2008
Author(s): Huisse MG, Pease S, Hurtado-Nedelec M, Arnaud B, Malaquin C, Wolff M, Gougerot-Pocidalo MA, Kermarrec N, Bezeaud A, Guillin MC, Paoletti X, Chollet-Martin S
OBJECTIVE: The mechanisms linking severe inflammation and coagulation during heatstroke are poorly understood. Here, we examined the roles of the tissue factor pathway, leukocyte activation, and mediators of innate immunity in patients admitted to an intensive care unit for heatstroke during an intense heat wave in Paris. DESIGN: Retrospective observational study. SETTING: Intensive care unit of a university medical center. PATIENTS: Eighteen critically ill severe patients with heatstroke were enrolled in the study and 14 age-matched patients with severe sepsis as controls. INTERVENTIONS: None. MEASUREMENTS and MAIN RESULTS: High circulating levels of some inflammation and stress mediators (interleukin-6, -8, C5a, interleukin-1 receptor antagonist, heat shock protein 60 and 70) were observed. Blood leukocyte activation was shown by beta2 integrin up-regulation, L-selectin down-regulation, and strong production of reactive oxygen species and interleukin-8 ex vivo. High levels of circulating promatrix metalloproteinase-9 were detected in all the patients studied, and its active form was present in two patients. Overt disseminated intravascular coagulation according to the International Society of Thrombosis and Hemostasis score was present in five patients. Whole-blood tissue factor was present in all the patients and part of this activity was associated with microparticles in five patients.
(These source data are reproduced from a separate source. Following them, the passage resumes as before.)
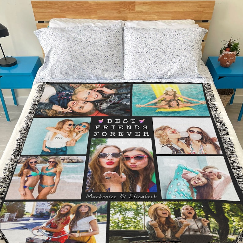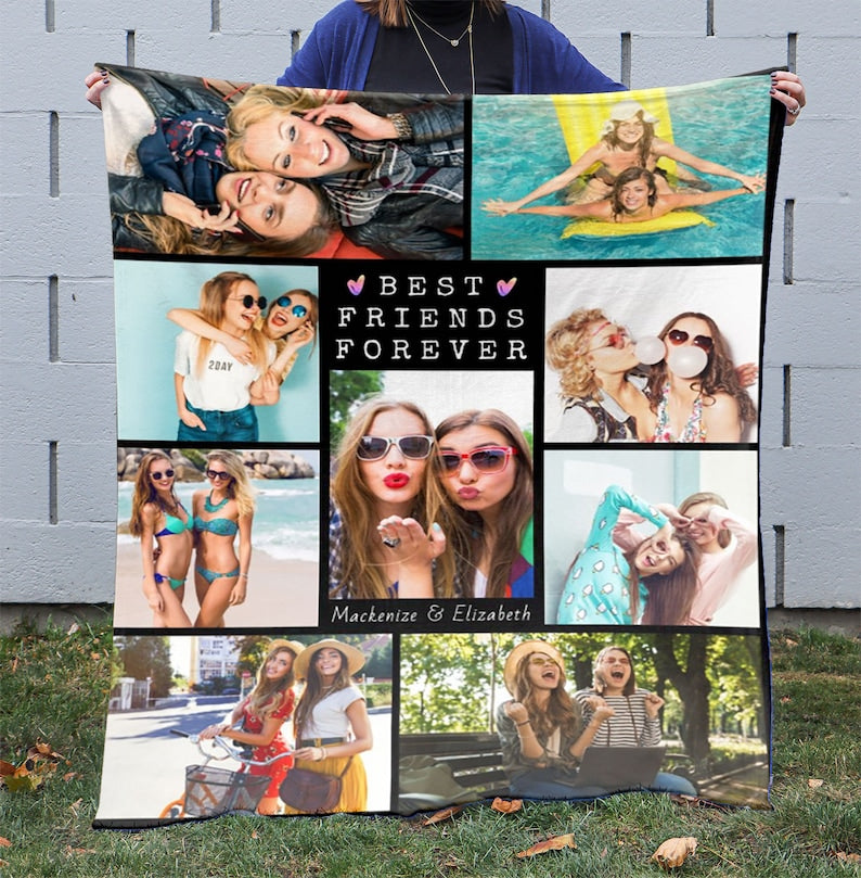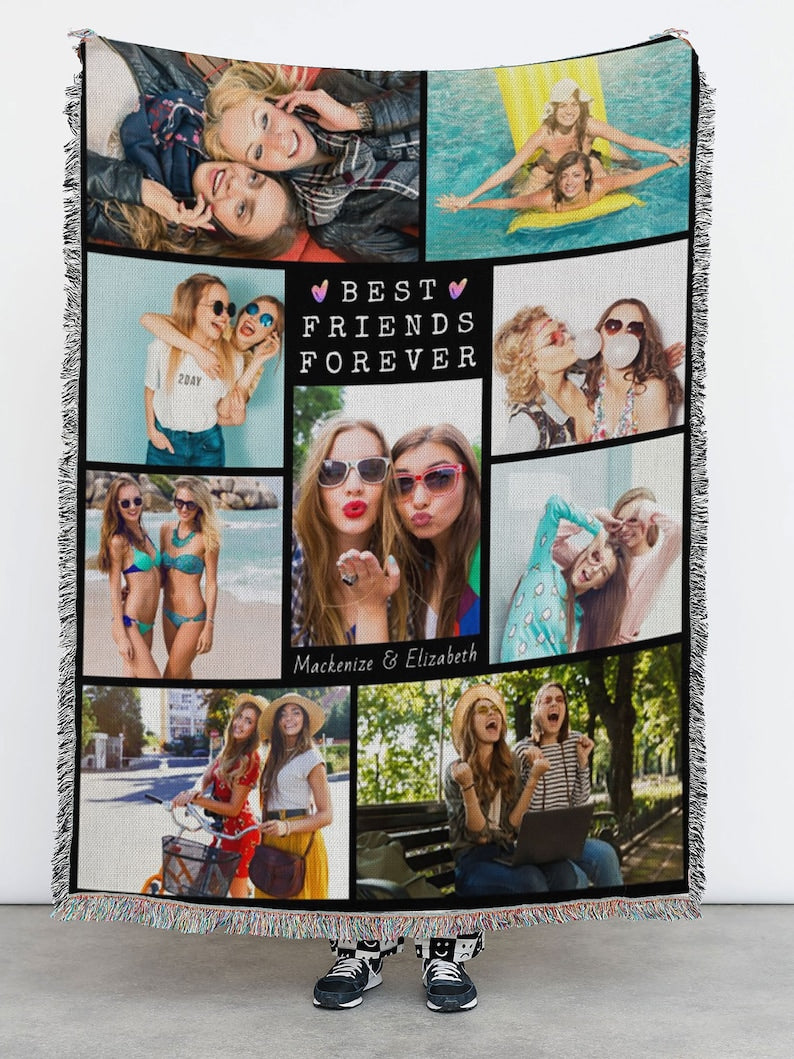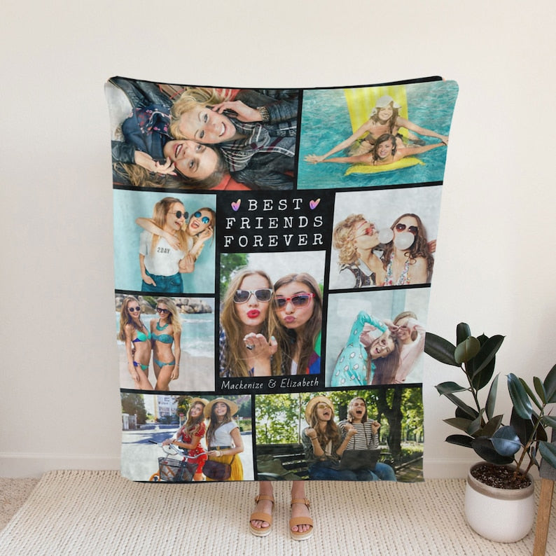 Keepsake Best Friends Photo Blanket, BFF Custom Blanket, Blanket For Bestie, Gift For Friends, Custom Sisters Names, Birthday Friends Gift
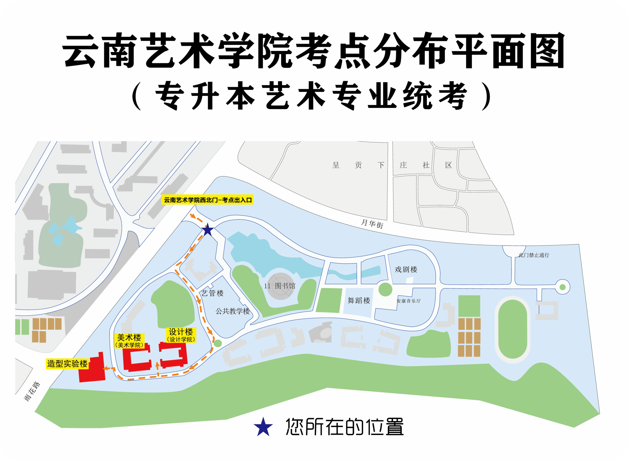 (三)考試前不安排考生查看考場,請(qǐng)考生提前熟悉云南藝術(shù)學(xué)院考點(diǎn)位置,規(guī)劃好赴考路線,注意出行安全。所有考生統(tǒng)一由云南藝術(shù)學(xué)院呈貢校區(qū)西北門入校,除考生本人外,其他送考人員及車輛不得進(jìn)入校園。
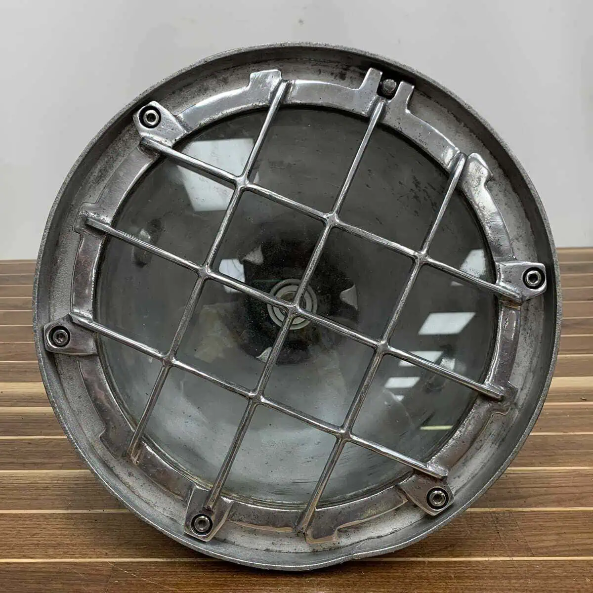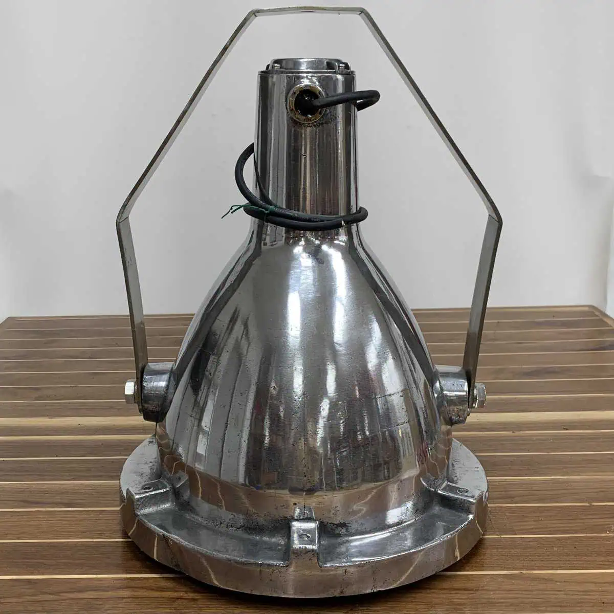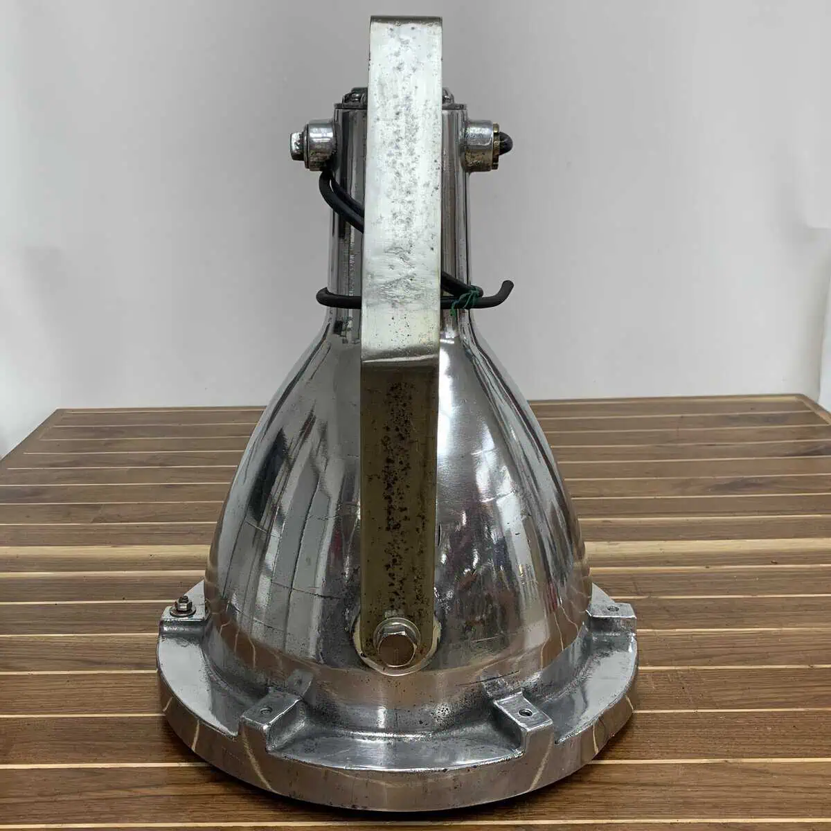 Add industrial strength and salvaged style to your space with this aluminum ceiling light from Koito Manufacturing Co. Made from solid aluminum, it feels heavy and built to last. It shows wear from years of use at sea—small dents, scratches, and patina that add character, not flaws.
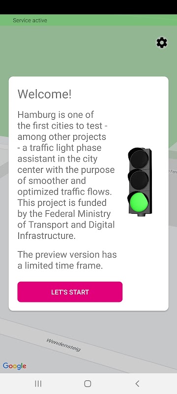 The Traffic Light Assistant is a location and map-based service. The service determines the traffic light systems relevant to the user based on the position of the user and his driving direction and provides signal phase information and a forecast of the next change of phase of the traffic light. The service can be configured as driving a car, e-scooter, bicycle, or truck, to indicate the driver the appropriate speed level. By providing the traffic light data in advance the app will support a more relaxed driving behavior and can positively influence the traffic flow. Furthermore, an additional collision warning function is integrated. It calculates possible future collisions of road users based on the position and trajectories of several users in a so-called accident hotspot (e.g. at an intersection). Road users are warned in good time before the collision with other road users will happen or notified of unavoidable collisions with an emergency warning.
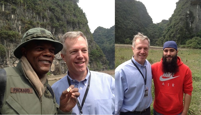| Samuel L.Jackson và đạo diễn phim (áo đỏ) chụp ảnh cùng Đại sứ Mỹ tại Việt Nam. Ảnh: Facebook Ted Osius. |
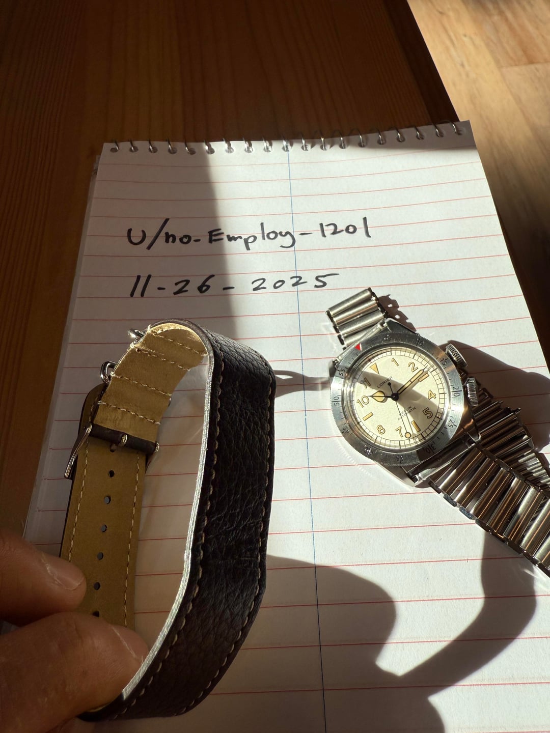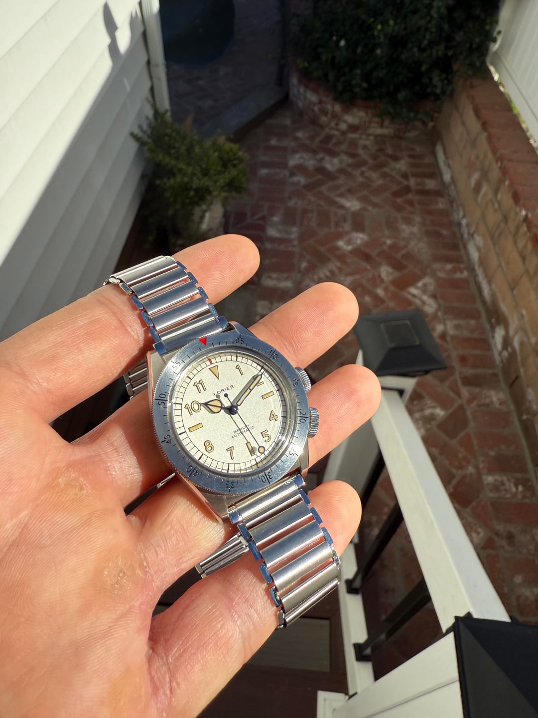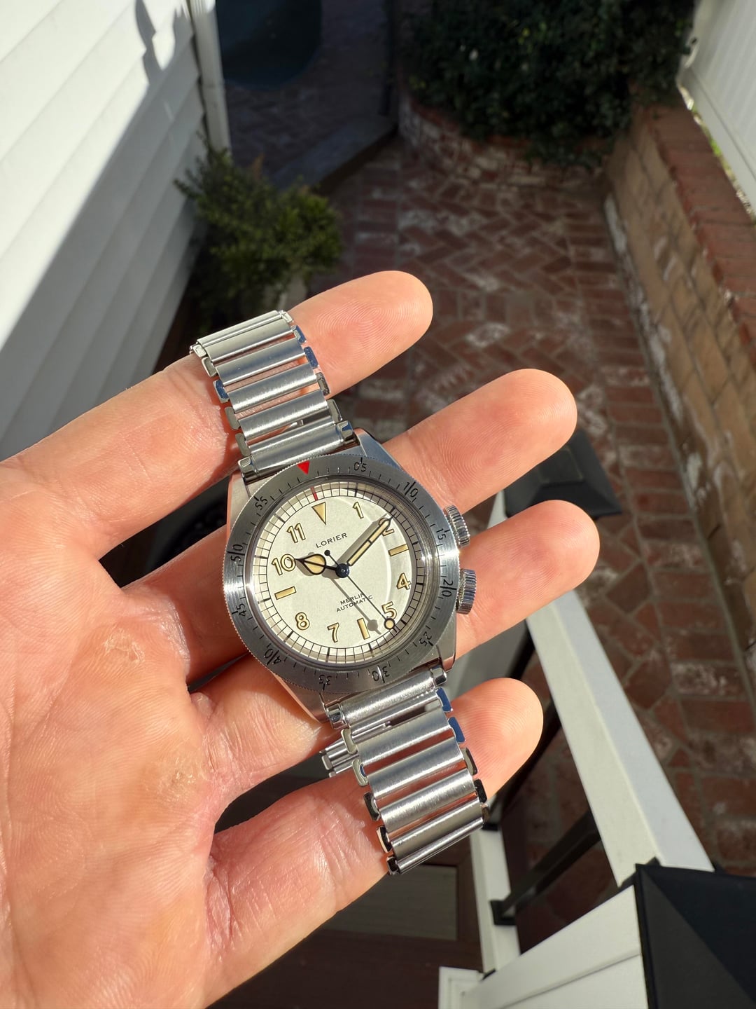 Description: Selling my limited edition Lorier Merlin. Watch is a recreation of WWII “Weems” watches. Comes on a new Forstner Klip ladder bracelet. I got it to be “period correct” with this watch and think it looks great. Condition: Watch has been worn a few times. It’s in like new condition with a few / if any hairline scratches. The back lugs might have very light scratches from when I changed the strap out. Runs to spec. Will come with its box, original unworn nato strap, and the Forstner bracelet. Payment: $480 Venmo, Zelle, PayPal F&F or PayPal g&s + 3% Shipping: shipping included to CONUS Link to watch: https://www.lorierwatches.com/products/merlin?srsltid=AfmBOoqTTAOvhht2oFzXwYpW4n2DHsgIpEoXxFr51-K_RNjgIbmEhd3E
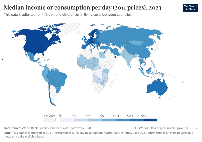 World Bank Poverty and Inequality Platform (2024) – with major processing by Our World in Data. “Median income or consumption per day (2011 prices) – World Bank” [dataset]. World Bank Poverty and Inequality Platform, “World Bank Poverty and Inequality Platform (PIP) 20240627_2017, 20240627_2011” [original data]. Retrieved February 9, 2026 from https://data-lexicalindex-indicators.owid.pages.dev:8789/20251022-091218/grapher/median-income-or-consumption-per-day-2011-prices.html (archived on October 22, 2025).
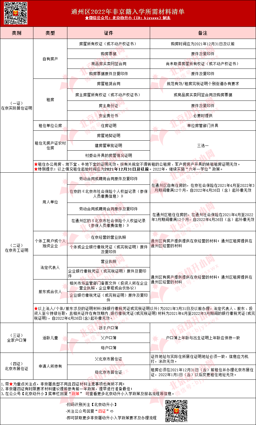 提醒:各区非京籍四证要求不尽相同,部分区有时限要求,建议大家一定要核查好具体材料要求。
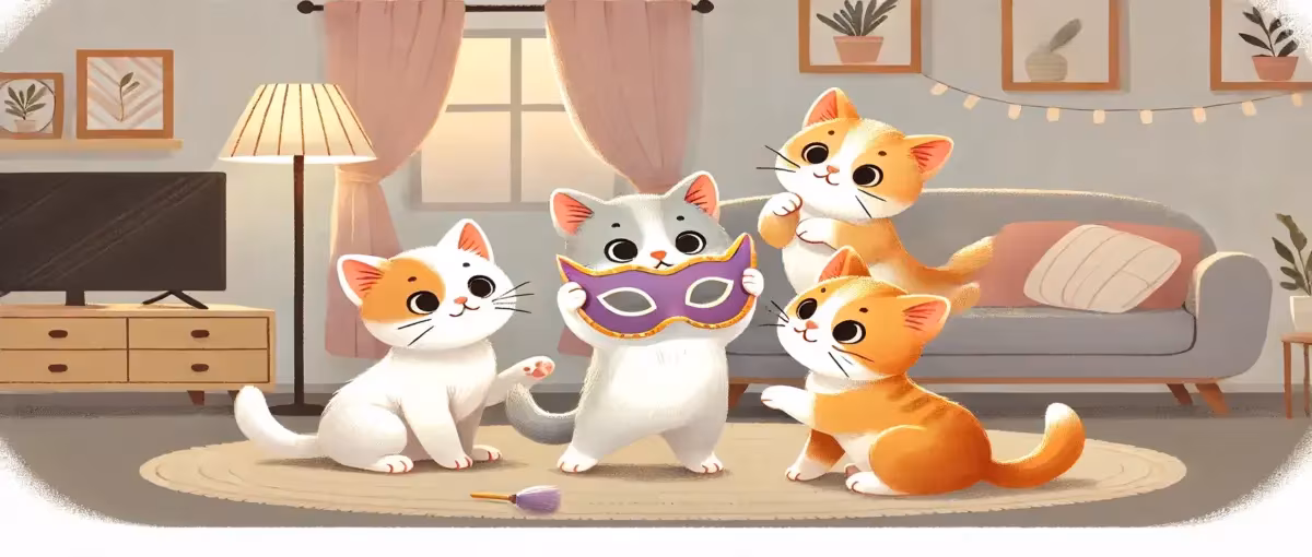 একদিন বিড়াল ছানাগুলো একটি মুখোশ খুঁজে পেলো। মুখোশটি ছিলো অভিনেতার। একটি বিড়াল ছানা সেই মুখোশটি পরে বাকিদের দেখালো।

The degrees of inflammation and disseminated intravascular coagulation are correlated with clinical severity. CONCLUSIONS: These results suggest that neutrophil activation plays a key role in the acute activation of coagulation observed during severe heatstroke, despite a rapid and sustained antiinflammatory response. The comparison with a group of patients with severe sepsis suggests some common mechanisms, but more intense responses during heatstroke.